» **Task item**
For this exercise, output the entries below exactly from the line that holds "Лазертаг баталии, аниматоры, вынос" to the line that holds "波音777-200客机回收铝", both ends included. No pictures belong in the copy.

» **Stored data**

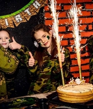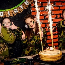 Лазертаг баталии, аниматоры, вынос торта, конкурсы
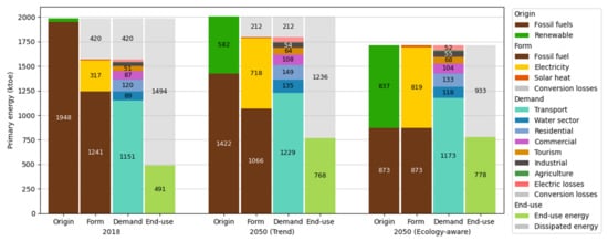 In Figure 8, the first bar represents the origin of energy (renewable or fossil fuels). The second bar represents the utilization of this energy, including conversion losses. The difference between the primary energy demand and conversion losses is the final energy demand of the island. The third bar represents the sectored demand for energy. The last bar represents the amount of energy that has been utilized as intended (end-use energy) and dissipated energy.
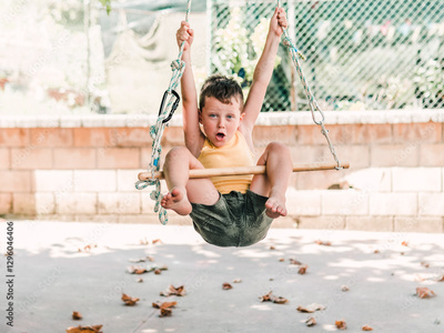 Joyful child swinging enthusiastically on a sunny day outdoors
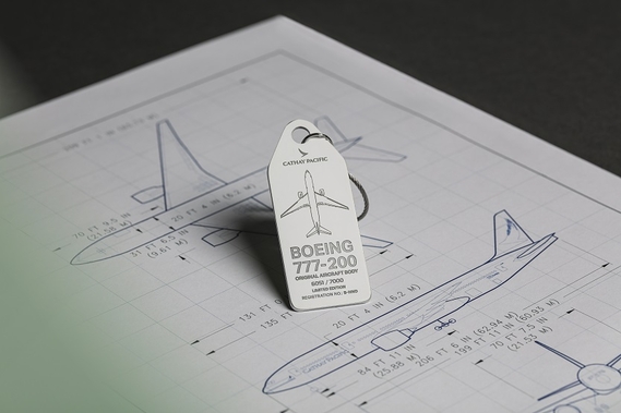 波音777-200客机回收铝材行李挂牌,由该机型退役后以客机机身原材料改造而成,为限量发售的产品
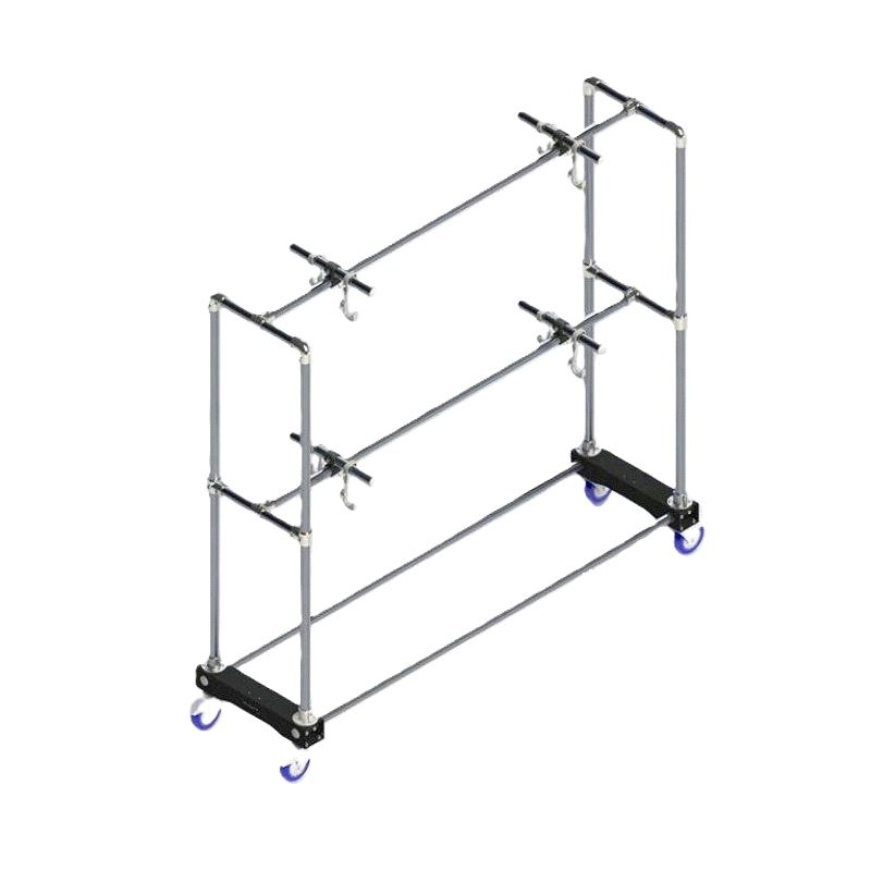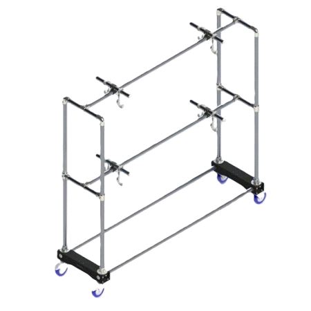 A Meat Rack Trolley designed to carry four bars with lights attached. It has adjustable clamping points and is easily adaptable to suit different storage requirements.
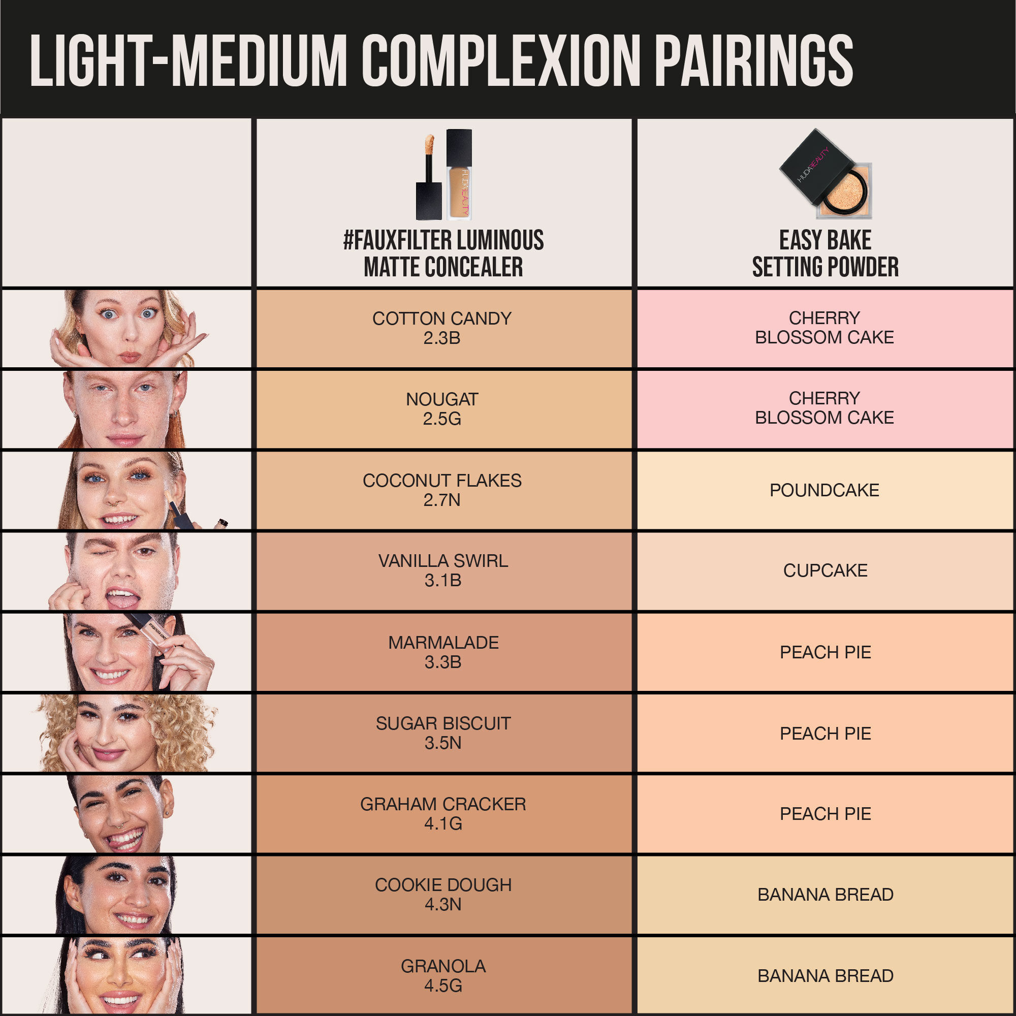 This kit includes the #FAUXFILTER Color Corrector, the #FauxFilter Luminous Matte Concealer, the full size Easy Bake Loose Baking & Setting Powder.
* * *
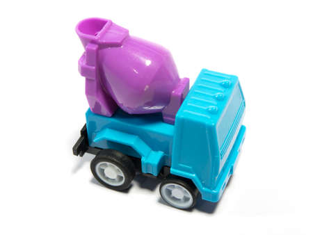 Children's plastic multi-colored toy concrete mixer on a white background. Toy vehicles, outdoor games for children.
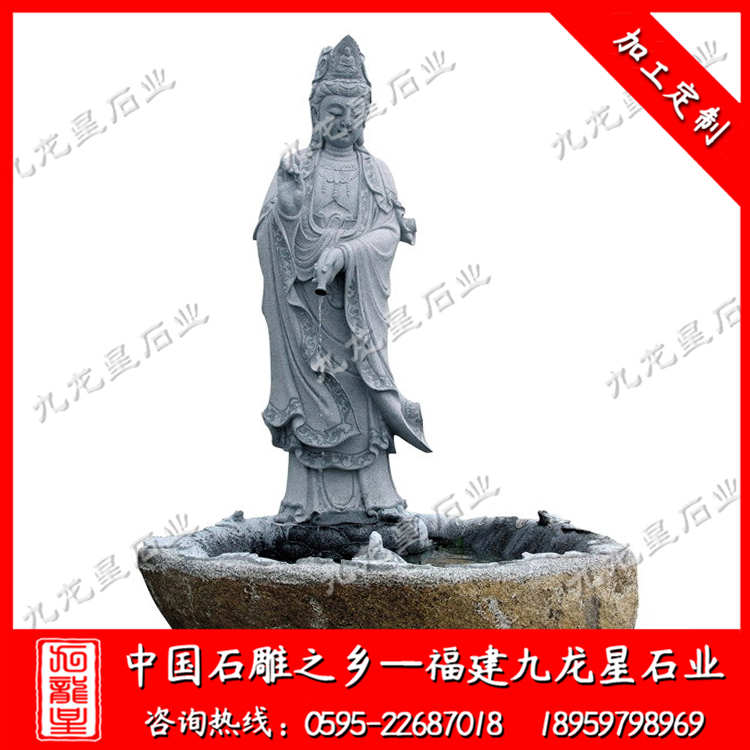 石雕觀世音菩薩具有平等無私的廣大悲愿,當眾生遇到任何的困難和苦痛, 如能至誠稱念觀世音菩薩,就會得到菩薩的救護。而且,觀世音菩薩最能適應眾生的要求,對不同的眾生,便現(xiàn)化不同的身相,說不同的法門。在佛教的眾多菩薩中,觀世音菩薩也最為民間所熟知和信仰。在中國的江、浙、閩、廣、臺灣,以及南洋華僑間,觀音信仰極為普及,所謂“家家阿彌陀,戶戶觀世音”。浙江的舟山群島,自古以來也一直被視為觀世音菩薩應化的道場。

» **Task output**
 Лазертаг баталии, аниматоры, вынос торта, конкурсы
 In Figure 8, the first bar represents the origin of energy (renewable or fossil fuels). The second bar represents the utilization of this energy, including conversion losses. The difference between the primary energy demand and conversion losses is the final energy demand of the island. The third bar represents the sectored demand for energy. The last bar represents the amount of energy that has been utilized as intended (end-use energy) and dissipated energy.
 Joyful child swinging enthusiastically on a sunny day outdoors
 波音777-200客机回收铝材行李挂牌,由该机型退役后以客机机身原材料改造而成,为限量发售的产品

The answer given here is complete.